**RECORDED DATA**
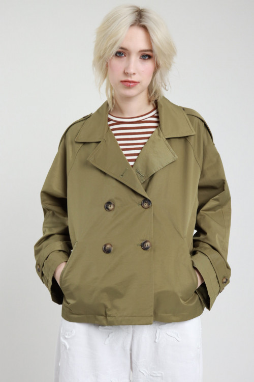 Kurzer zweireihiger Trenchcoat aus wasserdichter Baumwolle. 67 % bis 33 % nein
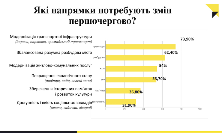 Згідно з результатами, було складено рейтинг найбільше незадовільних аспектів життя у місті:
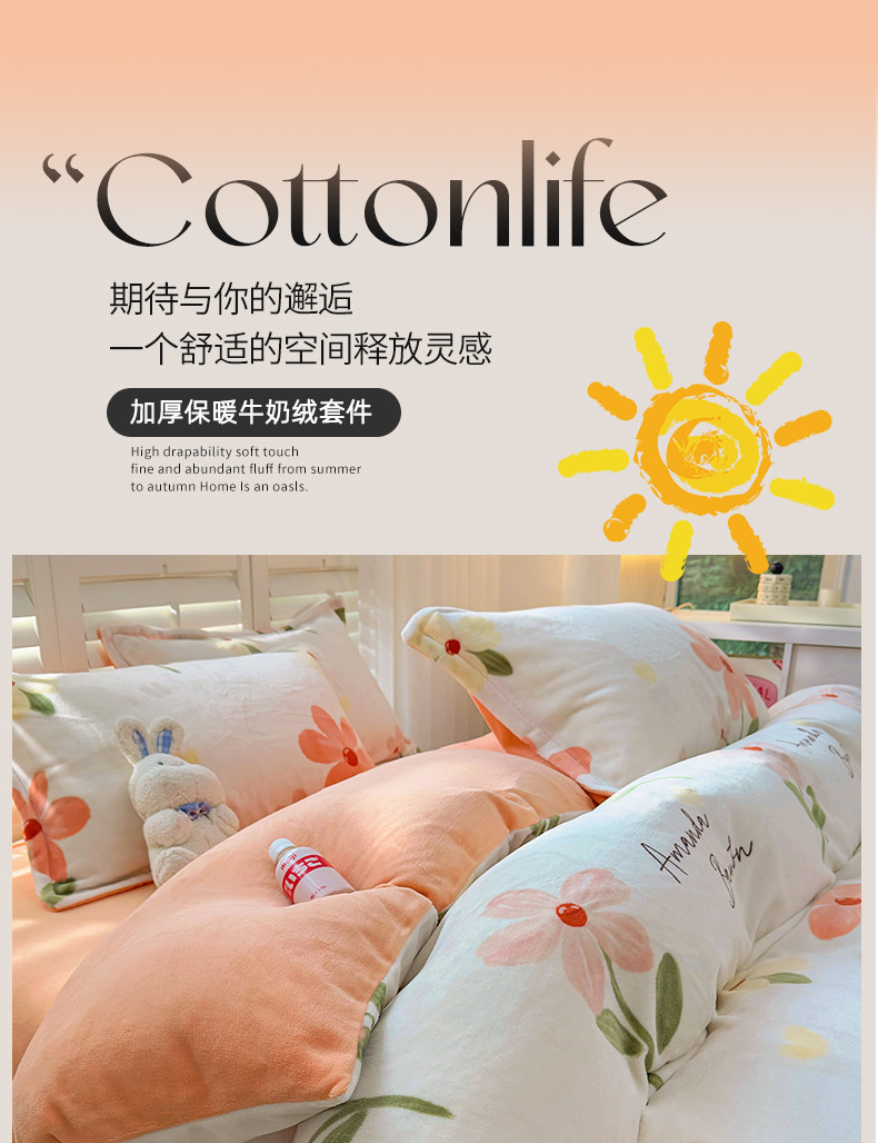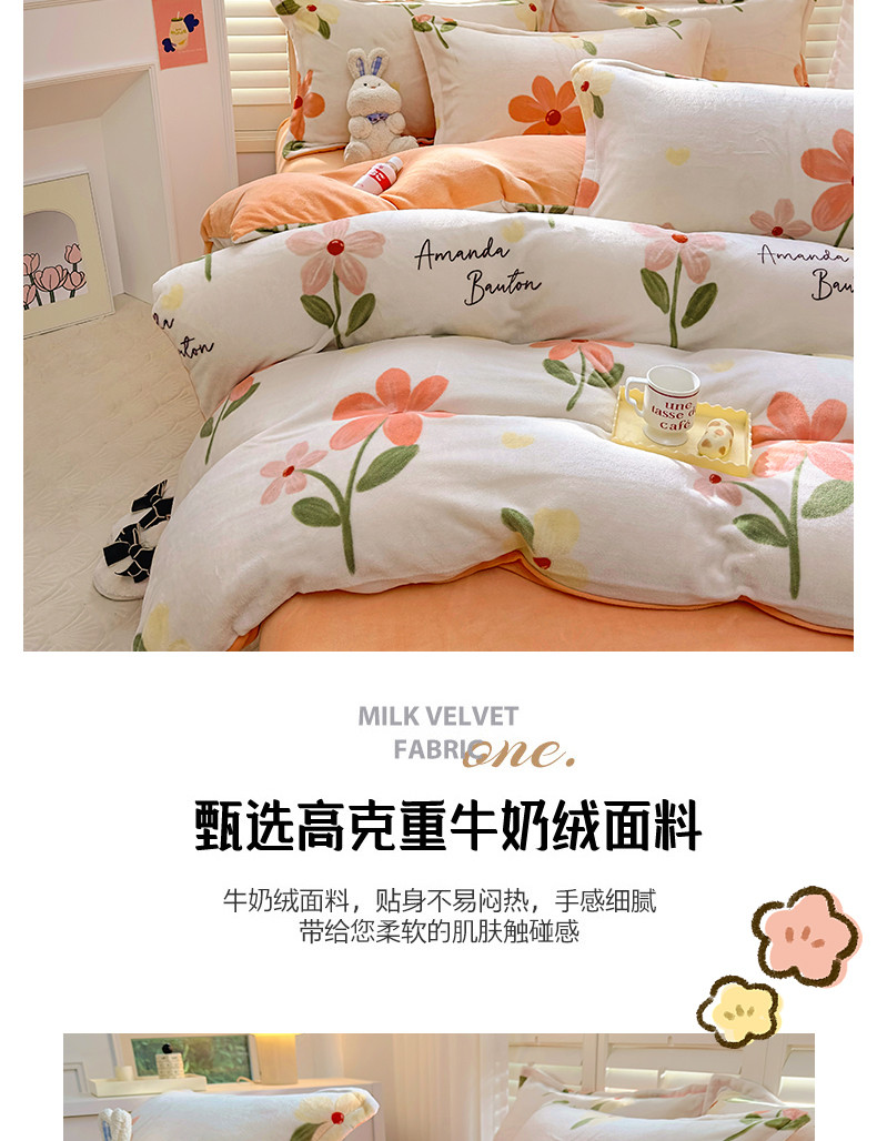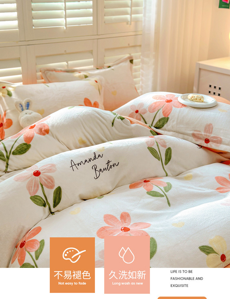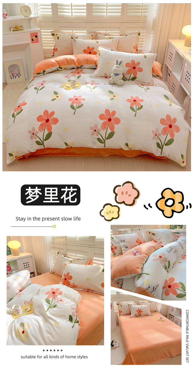 当前位置: 91家纺网 > 商品网购 > 床品套件 > 四件套 > 牛奶绒四件套 > 百寐 2023新款加厚牛奶绒小清新可爱花卉卡通保暖学生三四件套 梦里花

**WORK TASK**
Restate, exactly as they appear, the line with "Згідно з результатами, було" and all the lines after it up to the end of the data above; images do not belong in the copy.

**RESULT FOR THIS TASK**
 Згідно з результатами, було складено рейтинг найбільше незадовільних аспектів життя у місті:
 当前位置: 91家纺网 > 商品网购 > 床品套件 > 四件套 > 牛奶绒四件套 > 百寐 2023新款加厚牛奶绒小清新可爱花卉卡通保暖学生三四件套 梦里花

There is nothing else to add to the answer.